What employers are doing

TechCrunch has reported on the digital transformation’s acceleration twice in recent weeks. But before we had to peer into earnings reports and select CEO interviews to get a handle on what’s going on. New data from a Twilio survey provides a far clearer look into how things are changing.

Chew on the following data points sourced from mid-June — a blind survey of hundreds of corporate leaders from nine countries around the world, including Asian, European and North American companies:

  • 68% say that COVID-19 has sped up their digital transformation “a great deal,” with 29% more saying that it has sped up the work “somewhat.”
  • The average number of estimated years that COVID-19 has accelerated a company’s digital transformation is six.
  • Digital communications “transformation efforts” are accelerating, with 96% of respondents saying that their companies have “drastically” or “somewhat” sped up this particular effort.
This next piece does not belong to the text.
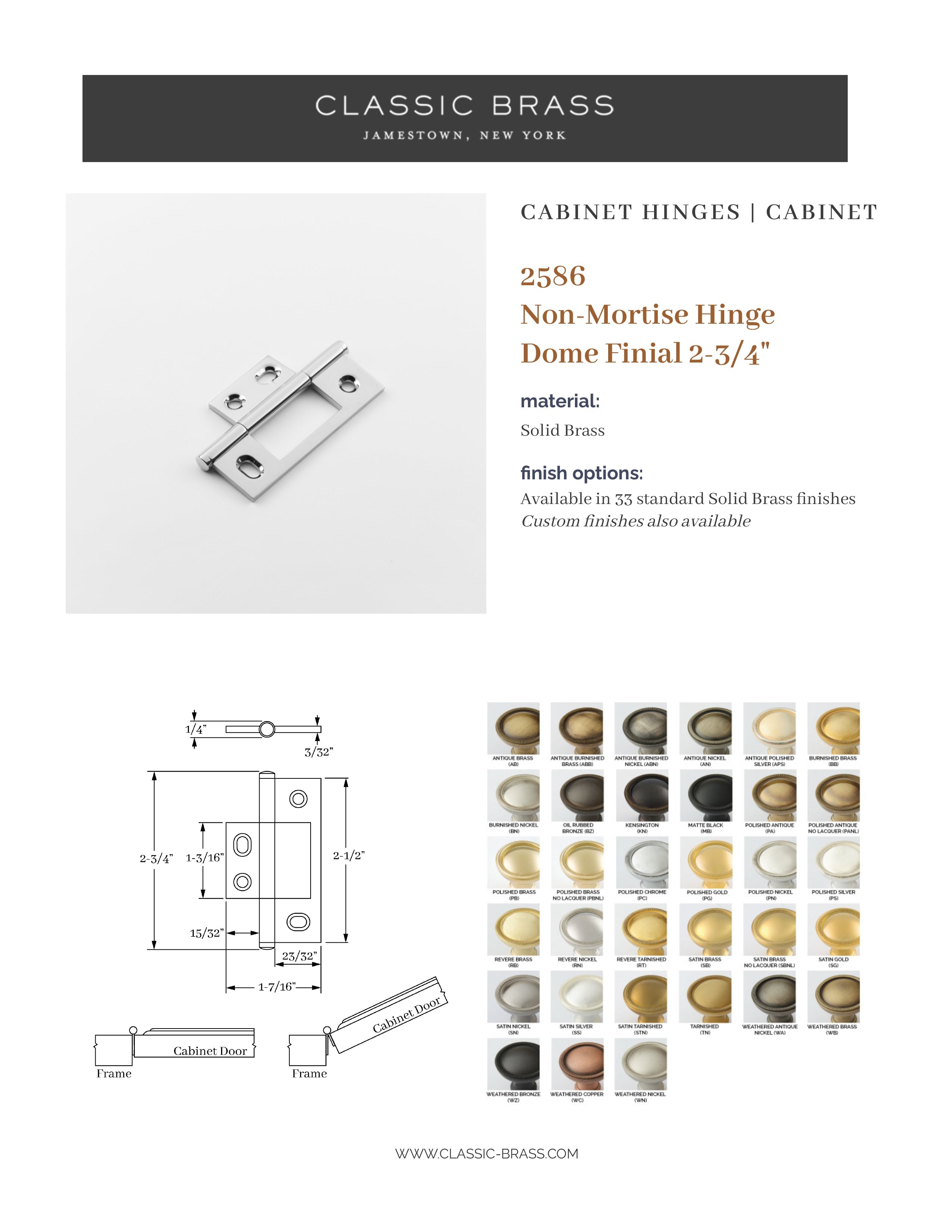 2586, Hinge - Non-Mortise - Dome Finial, Classic Brass Hinges

Further, 46% said that “transforming digital communications” is “extremely critical” while another 46% say that the work is “very critical.”
  • More money is now available for digital transformation efforts, with 26% of respondents saying that their corporate budgets for the work have “increased dramatically” while another 53% said that their budget has “increased somewhat.”
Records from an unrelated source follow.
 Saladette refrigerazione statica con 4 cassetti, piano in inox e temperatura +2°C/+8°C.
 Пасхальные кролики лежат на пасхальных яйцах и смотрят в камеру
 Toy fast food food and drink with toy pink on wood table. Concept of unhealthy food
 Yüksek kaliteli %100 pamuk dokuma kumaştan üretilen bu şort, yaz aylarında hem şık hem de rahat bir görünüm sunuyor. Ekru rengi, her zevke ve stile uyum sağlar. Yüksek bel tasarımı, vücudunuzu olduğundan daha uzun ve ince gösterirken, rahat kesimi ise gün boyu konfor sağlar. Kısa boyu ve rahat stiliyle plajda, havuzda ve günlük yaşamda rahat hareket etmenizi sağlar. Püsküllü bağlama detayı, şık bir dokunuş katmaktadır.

A faster digital transformation means more tooling, faster, with bigger budgets it appears. The survey also highlights the barriers that COVID-19 has broken down in companies to get on with modernizing their toolings and comms.

Even in industries that are struggling, it turns out. Twilio’s CCO Glenn Weinstein told TechCrunch that “a really striking finding of the survey is that regardless of industry — even in industries that are taking a short-term hit and we know will come back … even in those industries there’s an imperative now to accelerate digital transformation and in particular, digital communications as part of that transformation.”
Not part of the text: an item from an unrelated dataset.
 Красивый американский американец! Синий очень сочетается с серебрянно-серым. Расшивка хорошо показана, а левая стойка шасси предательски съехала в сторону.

Weinstein added later in the same conversation that “a lot of” the change that we’re discussing “is permanent.” This matches what we saw from our first dataset; the world will not go back to how it was.

What about startups?

Let’s bring this all home to TechCrunch’s focus on high-growth private companies. For startups, COVID has brought with it a changing market landscape, splitting upstart firms into two groups. In the first there are startups that have caught a wave from COVID-19’s market disruptions. These startups, often companies that are riding the accelerating digital transformation, are attractive to investors. Those startups that are not seeing a COVID bump are less attractive than they once were, either in absolute (slowing growth) or comparative (slowing growth compared to COVID-accelerated peers) terms.

Put another way, the accelerating digital transformation is sorting the startup world into two buckets, and only one is attractive to investors.

That situation, coupled to our analyzed data indicating that the world isn’t going to go back to the way it was, implies that some startups have caught a long-lasting secular wave. The rest could become has-beens. So, expect to see startups look to pivot toward tools and products and services that could get them a slice of the digital transformation. And expect to see some startups that can’t make the pivot simply wither on the vine.